1 Voodoogami

Sanjeeva Rao Mla Bibliography

1. Introduction

Sepsis and septic shock are among the most important medical emergencies throughout the world. Advancement in the life support technologies have proven to be insufficient in reducing the mortality and morbidity arising from severe sepsis. In the era of multi-drug resistance, it becomes imperative that such cases should be diagnosed at the earliest and appropriate treatment and management measures should be initiated for better patient outcome/care [1]. Sepsis is defined as the two fold increase in inflammatory indicators. Some of the biomarkers currently available include C-reactive protein (CRP), procalcitonin (PCT), Interleukin-6 (IL-6), Plasma transforming growth factor-b1, Pro-vasopressin, pro-adrenomedullin (proADM), pro-atrial natriuretic peptide and myeloid cells expressing triggering receptor-1 (TREM-1), soluble urokinase-like plasminogen receptor (suPAR) [2-8][2]. Among the available biomarkers of sepsis, the CRP is still routinely used as a sepsis indicator in neonates [9]. Millions of deaths are reported due to sepsis throughout the world including both developed and developing nations [10]. Sepsis has been attributed to occur in 1-2% of hospitalized patients including those who are undergoing treatment in intensive care units (ICU) [11]. Among the many biomarkers which have been evaluated for their prognostic significance only PCT was found useful until recently [12]. Although the available biomarkers of sepsis have proven to be useful, the drawbacks include their elevated activities during non septic conditions like trauma, surgery, myocardial infarction and other conditions like systemic inflammatory response syndrome (SIRS), and immune response during septic conditions. Considering the fact that sepsis due to infection is microbiologically confirmed only in 30% of the cases, it is inevitable that there is need for other indicators of sepsis [13].
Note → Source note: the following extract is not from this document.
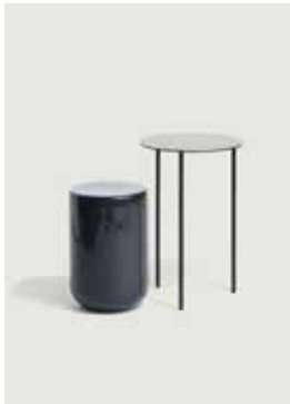
Ceramic: Black (RAL 9005) Metal: Black (RAL 9005) or Metal: Sand blasted steel

2. Presepsin: Soluble Subtype of CD14 (SCD14-ST)

Some of the biomarkers currently available have proven to be having less prognostic value and cannot be useful for predicting mortality [14]. Research in this direction has paved the way for identification of CD14, a glycopeptides expressed on macrophages and monocytes, which serves as a receptor for lipopolysaccharide-lipopolysaccharide binding protein (LPS-LPB) of microorganisms as a potential biomarker. CD14 is a 55-kDa glycosyl phosphatidyl inositol-anchored protein lacking a cytoplasmic domain. CD14 is expressed on most innate immune response cells and exists either in an anchored membrane form (mCD14) or in a circulating soluble form (sCD14). The latter is a 43-53 kD glycoprotein that derives from either protease-mediated membrane CD14 shedding or liver synthesis as a type II acute-phase reactant. During inflammation, plasma protease activity generates CD14 fragments (Figure 1).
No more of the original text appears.